The reference voltage used by the comparator is set by density adjustment at the control panel. This provides 5 to 10 steps to increase or
decrease exposure. Generally ∼ 10 to 15 % of exposure per step.
A backup timer ends exposure if insufficient exposure occurs beyond a
certain time.
If this occurs adjustment of the kVp and not the AEC density control
must be effected.
Why?
If the AEC density control is DEcreased then this MAY cause termination
of the exposure without the backup timer operating...however the density
of the radiograph will be underexposed.
If the AEC density control is INcreased then the required exposure for
termination is set even higher, and yet again the back-up timer will operate.

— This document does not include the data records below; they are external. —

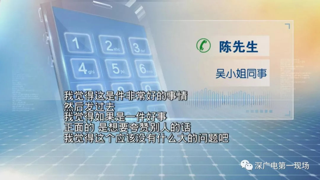 深廣電第一現(xiàn)場2019年2月19日訊 今年20多歲的吳小姐是深圳一家公司的員工。昨天晚上,吳小姐打開了公司的微信工作群,發(fā)現(xiàn)她的同事陳先生在工作群,發(fā)布了吳小姐之前參加選美比賽的相關(guān)宣傳報道,和領(lǐng)獎時候的照片,這讓吳小姐一下子驚呆了。
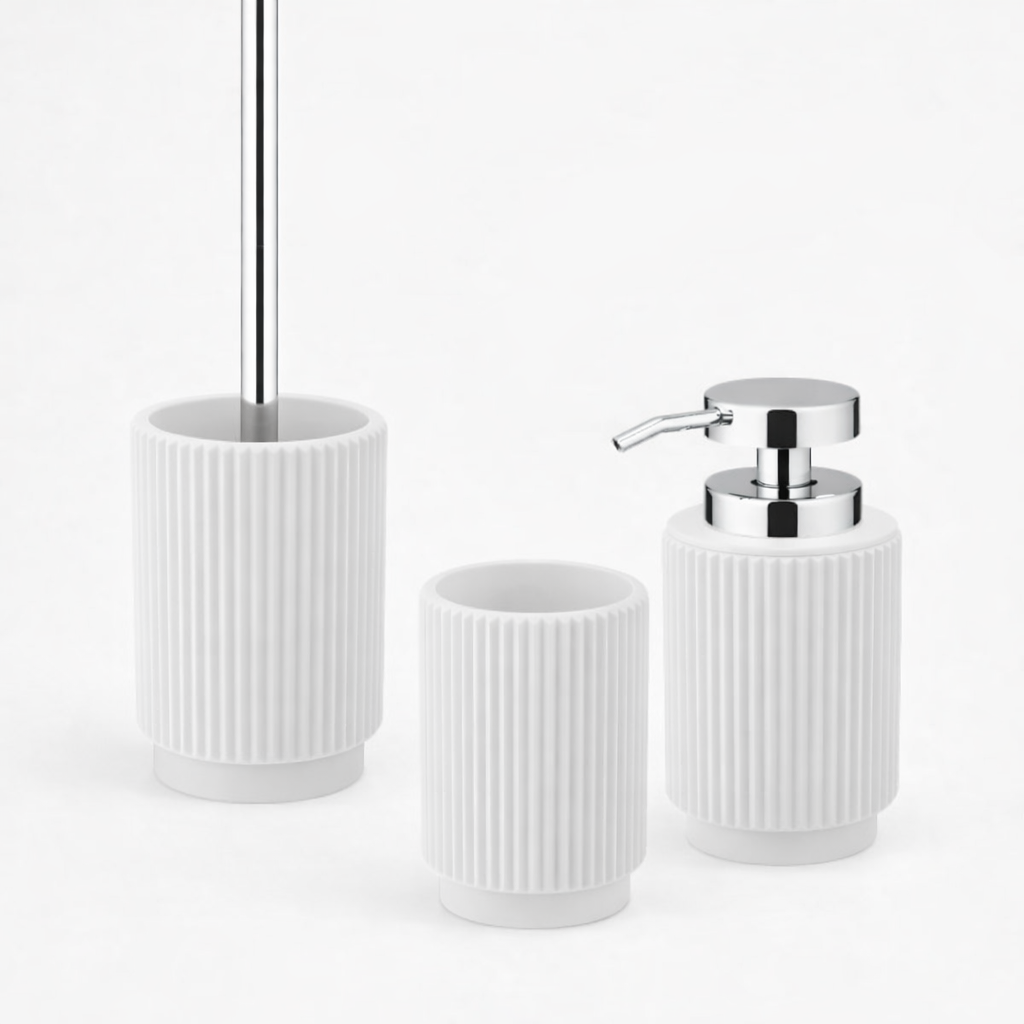 Nowoczesna szczotka WC RIBELLO w kolorze białym to praktyczne i estetyczne wyposażenie każdej łazienki. Minimalistyczna forma oraz pionowe żłobienia nadają pojemnikowi elegancki wygląd i sprawiają, że produkt doskonale wpisuje się w nowoczesne i klasyczne aranżacje wnętrz.
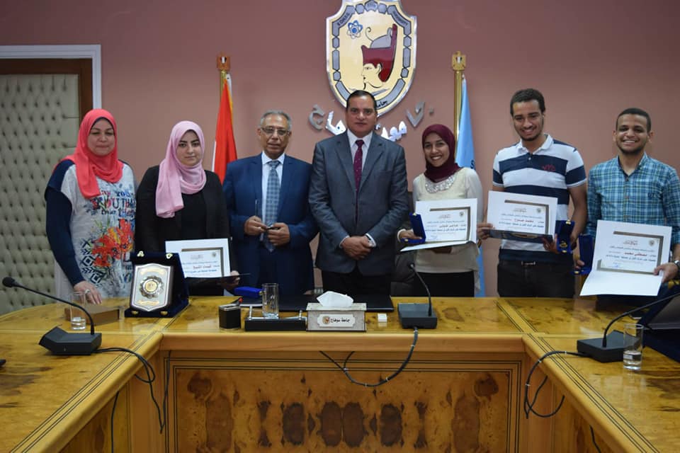 كرم اليوم الدكتور أحمد عزيز رئيس جامعة سوهاج الطلاب المتميزين أصحاب المبادرات المجتمعية والمشاريع الابتكارية الحاصلين على مراكز متقدمة علي مستوي الجمهورية، وذلك بحضور الدكتور محمود أبو العز مدير مركز الخدمات الاليكترونية، والمهندسة نهال المغربي.

By increasing the kVp the beam penetration increases and allows enough
ionization at the detector site and so enough optical density on a film/screen
radiograph.
Image Detectors
(i) Film/Screen
Cassettes low attenuation carbon fibre.
Gadolinium oxysulphide (Gd2 O2 S) is mostly used for the fluorescent
screen.
Green light produced =⇒ green sensitive film.(green dye)
Conventional screen/film system for mammography uses a single emulsion film with a single screen.
In this case the film is situated proximal to the X ray tube than the
screen with the emulsion layer adjacent the fluorescent screen.
Most interactions (absorptions) of X photons occur at the top of
the screen-near the emulsion.
This means that MOST of the interactions are near the active film emulsion and so the generated visible light photons have less travel path to the
film.
A smaller path of travel =⇒ ↓ lateral spread of light and ↑ spatial resolution.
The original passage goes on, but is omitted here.